If one doesn't use inheritance then it translates to a per table
bottleneck.
(Which is what we have now anyway isn't it?).

- Indices, triggers, contraints, etc. are automatically inherited.
so that we can showcase classic OO semantics (including polymorphism).

- Makes easy implementation of referential integrity for oids possible.

- It becomes possible to store more than 4Giga tuples
on 32 bit systems

- given an instance of a class identified by an oid it is easy to determine
the most derived class it belongs to.
(This feature has been requested by a number of poeple on the
questions list.)

- It is the first step to support tables with no oids at all (not that this
is particularly interesting to me though). I'd suggest that system
catalogues
keep their oids though our we would be in for a major rewrite I think.

Disadvantages
- sequential heapscans for tables _with_ derived classes will be less
efficient
in general, because now some tuples may have to be skipped since they
may
belong to the wrong class. This is easily solved using indices.
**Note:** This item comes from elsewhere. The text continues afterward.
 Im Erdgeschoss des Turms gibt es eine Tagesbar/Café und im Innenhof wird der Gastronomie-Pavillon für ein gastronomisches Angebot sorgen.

- slight space overhead for tuple when not using inheritance.
The space is used to tag each tuple with the most derived class it
belongs to.

To improve OO support the implementation plan is to:
1. Add a system attribute to each heap tuple which identifies the most
derived
class the instance belongs to. (easy; I think)
2. Store instances of derived classes in the same physical file as the top
most base class. I hope that hacking heapopen() to tell it in which file
it should look for tuples of a particular relation will be enough.
Maybe this might have implications for caching etc. which I don't
understand.
(difficult?)
3. modify the heap_scanning functions to support the new sceem. (easy; I
think)

Now for my questions.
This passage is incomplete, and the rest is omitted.